Trends in ESG Deals Over the Past Few Years
Deal making had a rough year in 2020. The global pandemic shook economies around the world and made it harder for M&A transactions to occur with the lack of social interaction. As the tides turned, and society had widespread vaccine distribution, businesses wanted to pivot into a new direction. 2021 included a record-breaking year in deals which included many megadeals. Spinning out from the pandemic, the biggest trend in M&A was healthcare, followed by the megatrend in technology, and finally financial services.

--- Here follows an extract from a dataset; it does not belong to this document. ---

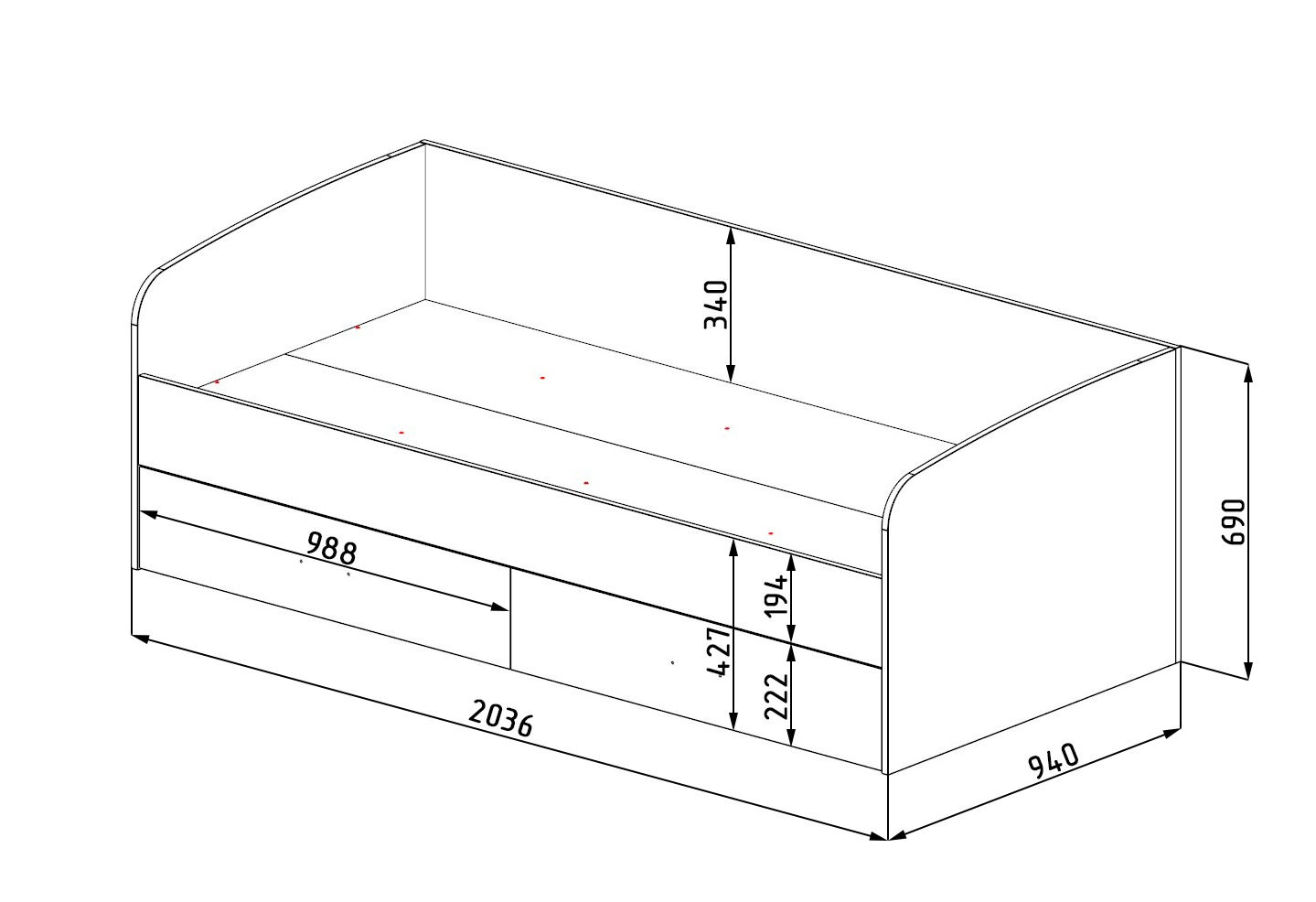 Габариты кровати: ширина 2036 х высота 690 х глубина 940 мм

Before the pandemic, deal-makers considered ESG factors in their deals, but they did not find it to be important. That is because there is no standard framework to disclose ESG factors. Another issue is that ESG rating is only based on the values that the company puts forward. A company can only talk about their impact on climate change, but will have a bad score because they did not state their overall values. This leads to greenwashing, where a company markets themselves as an ESG focused company, but does not take any initiatives.
Savvy investors aren’t the only one taking notice, the SEC is looking to build a standard framework for regulation to give a better understanding for company’s how to disclose their ESG factors.
Current Situation
Covid-19 was what some say a ‘black elephant’ event, which is a mix between a black swan event that was lurking over society like an elephant in a room. Global society showed its resilience in order to recover from the pandemic and deals were made to better improve our health-care system. Climate change has been a macrotrend that has been glooming over society’s head for quite some time now.

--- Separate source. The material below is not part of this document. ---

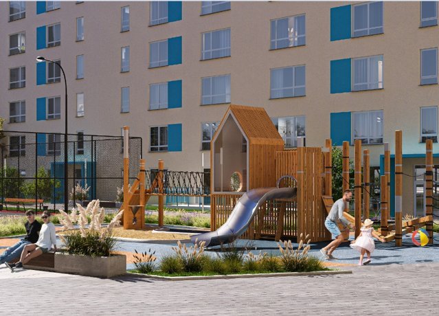 Дети весело играют на площадке, а родители не беспокоятся об их безопасности, ведь парковочные места для автомобилей вынесены за пределы дворов

After showing great resilience through the pandemic, it is time to take action to prevent another ‘black elephant’ event where Earth’s atmospheric temperature is consistently rising by 2 degrees year-over-year. ESG deals have doubled since the pandemic which is the tailwind of a megatrend that is only just beginning.

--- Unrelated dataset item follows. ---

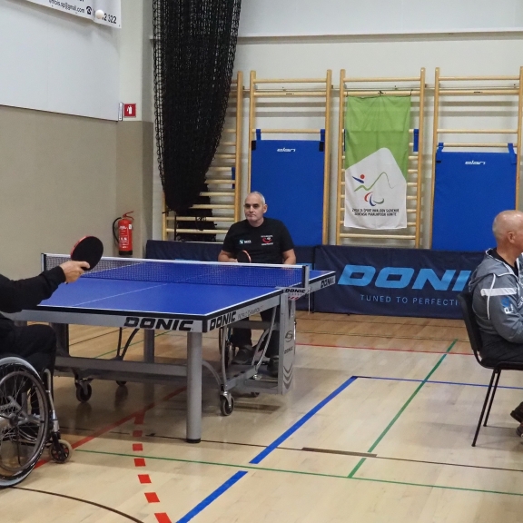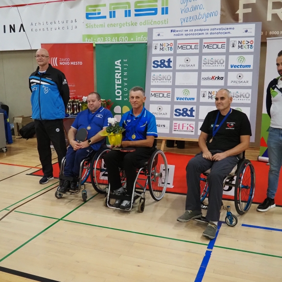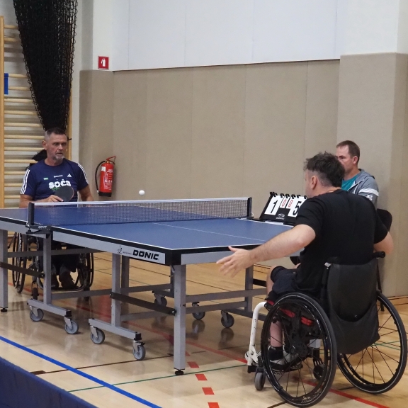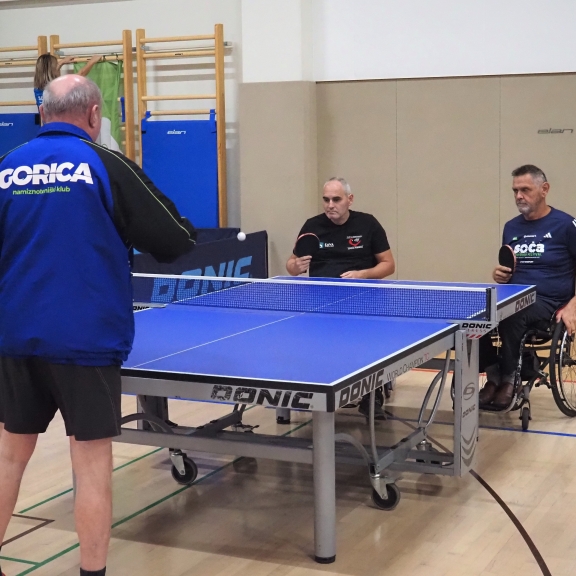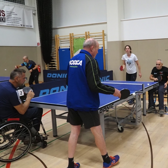Prvenstva smo se prvič udeležili tudi člani Društva paraplegikov severne Primorske pod okriljem Namiznoteniškega kluba Gorica in našega trenerja Slavka Pavlina.

Executives have already started to see returns from their deals with ESG focused companies. This is what Julie Haeflinger from Baker Tilly had to say about ESG focus in M&A,
“Not only are dealmakers focusing on ESG in record levels, but daylight is emerging in the returns of a target with a strong ESG record and one with only mediocre performance. Investors report that ESG investment strategies deliver improved returns and dealmakers say investor pressure is growing. In an increasingly competitive landscape, smart dealmakers are using ESG as a lever to build value and expedite returns.”
Julie Haeflinger, Corporate Finance lead, Baker Tilly
This is evidence that ESG factors in a company can help build or destroy value. Companies who take initiatives to change their values to focus on climate change and diversity within their workforce, will impose less risk for investors. This in itself will drive demand in deals that are focused on ESG.Regulators and policymakers have already begun to incentivize deals that are focused on ESG.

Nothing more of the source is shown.